In other games it might be possible to treat NPCs and PCs alike. But these games probably do not demonstrate the degree of player-responiveness that D&D does. That is, those games have a different metagame priority.

Yes, PC's are complex while monsters are generally simple. But I should be able to shake hands with the mindflayer and invite him to adventure with us without his psionic powers being crippled as if I had the Black Death.
 

Kamikaze Midget said:
When you create an Evil Wizard, he has the same abilities as a Good Wizard, and just uses them in a different way. When you create an Evil Creature, the same principle should be followed, IMO.

And right there, we have such a profound disagreement that I don't think we're ever going to be able to see eye-to-eye on this issue.

I absolutely, wholeheartedly, and even fanatically do not think that evil creatures should be held to the same standard. That's why they're creatures, not people.

Should an NPC wizard be limited to stuff that a PC wizard can do? For the most part, yes. (The evil wizard may have access to an unknown spell or great artifact to perform feats the PC cannot, but these are things the PC could do if he had the spell or artifact.)

But should a demon, or an ancient dragon, or a demigod, or a fey of the Unseelie Court, or a genie, or an insanity-wombat from the Plane of Weirdness be limited in the same way? Absolutely and unequivocally not.
 

Mouseferatu said:
But should a demon, or an ancient dragon, or a demigod, or a fey of the Unseelie Court, or a genie, or an insanity-wombat from the Plane of Weirdness be limited in the same way? Absolutely and unequivocally not.

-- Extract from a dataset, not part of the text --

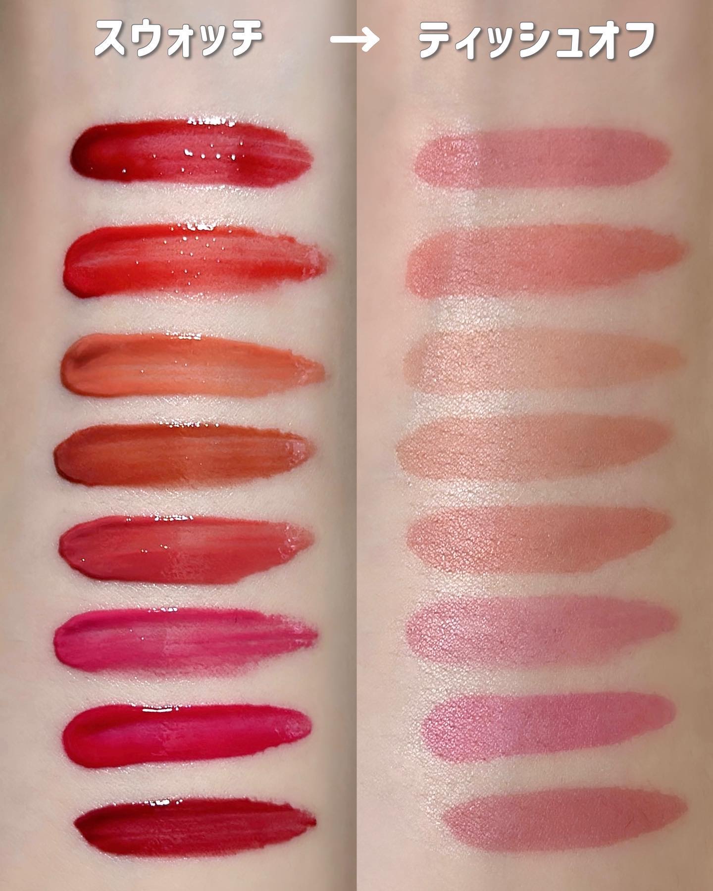 - <01 アモリスト(AMORIST)> リンゴ酸ジイソステアリル、ジフェニルシロキシフェニルトリメチコン、水、ジフェニルジメチコン、ビスジグリセリルポリアシルアジペート-2、水添ポリイソブテン、ポリグリセリン-3、ポリソルベート60、セチルPEG/PPG-10/1ジメチコン、イソステアリン酸ソルビタン、BG、ペンチレングリコール、1,2-ヘキサンジオール、ジメチコン、(アクリル酸ヒドロキシエチル/アクリロイルジメチルタウリンNa)コポリマー、セテアレス-20、スクワラン、黄5、エチルヘキシルグリセリン、香料、赤227、赤104(1)、リナロール、青1、ヘキシルシンナマル、リモネン、ホホバ種子油、アンズ核油、ツバキ種子油、トコフェロール <02 ビーミッシュ(BEAMISH)> リンゴ酸ジイソステアリル、ジフェニルシロキシフェニルトリメチコン、水、ビスジグリセリルポリアシルアジペート-2、ジフェニルジメチコン、水添ポリイソブテン、ポリグリセリン-3、ポリソルベート60、セチルPEG/PPG-10/1ジメチコン、イソステアリン酸ソルビタン、BG、1,2-ヘキサンジオール、ジメチコン、ペンチレングリコール、(アクリル酸ヒドロキシエチル/アクリロイルジメチルタウリンNa)コポリマー、セテアレス-20、スクワラン、酸化チタン、黄5、エチルヘキシルグリセリン、香料、赤227、赤104(1)、リナロール、水酸化Al、ポリアクリル酸アンモニウム、フェノキシエタノール、ヘキシルシンナマル、リモネン、アンズ核油、ツバキ種子油、ホホバ種子油、トコフェロール <03 ピロウィ(PILLOWY)> リンゴ酸ジイソステアリル、ジフェニルシロキシフェニルトリメチコン、水、ビスジグリセリルポリアシルアジペート-2、ジフェニルジメチコン、水添ポリイソブテン、ポリグリセリン-3、ポリソルベート60、セチルPEG/PPG-10/1ジメチコン、イソステアリン酸ソルビタン、BG、ジメチコン、ペンチレングリコール、1,2-ヘキサンジオール、(アクリル酸ヒドロキシエチル/アクリロイルジメチルタウリンNa)コポリマー、セテアレス-20、スクワラン、酸化チタン、エチルヘキシルグリセリン、黄5、香料、赤104(1)、水酸化Al、ポリアクリル酸アンモニウム、赤227、リナロール、フェノキシエタノール、青1、ヘキシルシンナマル、リモネン、アンズ核油、ツバキ種子油、ホホバ種子油、トコフェロール <04 ブラント(BLUNT)> リンゴ酸ジイソステアリル、ジフェニルシロキシフェニルトリメチコン、水、ビスジグリセリルポリアシルアジペート-2、ジフェニルジメチコン、水添ポリイソブテン、ポリグリセリン-3、ポリソルベート60、セチルPEG/PPG-10/1ジメチコン、イソステアリン酸ソルビタン、BG、1,2-ヘキサンジオール、ジメチコン、ペンチレングリコール、(アクリル酸ヒドロキシエチル/アクリロイルジメチルタウリンNa)コポリマー、セテアレス-20、スクワラン、酸化チタン、黄5、エチルヘキシルグリセリン、香料、赤227、水酸化Al、ポリアクリル酸アンモニウム、リナロール、フェノキシエタノール、青1、ヘキシルシンナマル、リモネン、ホホバ種子油、アンズ核油、ツバキ種子油、トコフェロール <05 スウィッシュ(SWISH)> リンゴ酸ジイソステアリル、ジフェニルシロキシフェニルトリメチコン、水、ビスジグリセリルポリアシルアジペート-2、ジフェニルジメチコン、水添ポリイソブテン、ポリグリセリン-3、ポリソルベート60、セチルPEG/PPG-10/1ジメチコン、イソステアリン酸ソルビタン、BG、ジメチコン、ペンチレングリコール、1,2-ヘキサンジオール、(アクリル酸ヒドロキシエチル/アクリロイルジメチルタウリンNa)コポリマー、酸化チタン、セテアレス-20、スクワラン、エチルヘキシルグリセリン、黄5、香料、赤227、黄4、水酸化Al、ポリアクリル酸アンモニウム、赤104(1)、リナロール、フェノキシエタノール、青1、ヘキシルシンナマル、リモネン、アンズ核油、ツバキ種子油、ホホバ種子油 <06 パフィ(PUFFY)> リンゴ酸ジイソステアリル、ジフェニルシロキシフェニルトリメチコン、水、ジフェニルジメチコン、ビスジグリセリルポリアシルアジペート-2、水添ポリイソブテン、ポリグリセリン-3、ポリソルベート60、セチルPEG/PPG-10/1ジメチコン、イソステアリン酸ソルビタン、BG、1,2-ヘキサンジオール、ペンチレングリコール、ジメチコン、(アクリル酸ヒドロキシエチル/アクリロイルジメチルタウリンNa)コポリマー、セテアレス-20、スクワラン、酸化チタン、エチルヘキシルグリセリン、赤227、香料、黄5、水酸化Al、赤104(1)、ポリアクリル酸アンモニウム、リナロール、黄4、フェノキシエタノール、ヘキシルシンナマル、リモネン、ホホバ種子油、アンズ核油、ツバキ種子油、トコフェロール <07 アシッドローズ(ACID ROSE)> リンゴ酸ジイソステアリル、ジフェニルシロキシフェニルトリメチコン、水、ビスジグリセリルポリアシルアジペート-2、ジフェニルジメチコン、水添ポリイソブテン、ポリグリセリン-3、ポリソルベート60、セチルPEG/PPG-10/1ジメチコン、イソステアリン酸ソルビタン、BG、1,2-ヘキサンジ

An example of this is the "destroyer of the world" monster trapped in Rappan Athuk. The thing's unfathomably tough, and has particular abilities designed specifically around the prison holding it. It's pointless to give it stats. It's a plot device. It works great in its particular context.
 

JVisgaitis said:
about, how they live, what they do, etc.

I could be wrong, but I know however I tried to condense Denizens of Avadnu I doubt I could ever get all of the fluff, stats, and art in and still manage to fit one monster per page. That's just insanity.

I don't need that much fluff for more monsters than I will ever fit into one campaign. Short writeups are the way to go. Longer, flurry treatments belong in campaign settings, fluffbooks, splatbooks, etc.


As to the rest, I endorse the Sean k Reynolds position.
 

Mouseferatu said:
Yuck.

I'm sorry, but that really doesn't appeal to me. I'm not a tight-sphinctered DM who doesn't want the PCs to have any cool toys. But as a designer, as a writer, as a DM, and as a storyteller, the notion that anything a monster can do must be available to the PCs is a non-starter. The monsters and NPCs are, or at least can be, plot points. And most iconic fantasy involves at least some element of heroes finding the way to overcome or get around an ability they don't understand.

Monsters and PCs serve two very different purposes in the adventure and the campaign. The notion that something one can do must be available to the other is, IMO, detrimental to gameplay and unnecessarily restrictive to creativity.

But what about this premise?

Anything available to a non-elite hobgoblin should be available to a PC hobgoblin.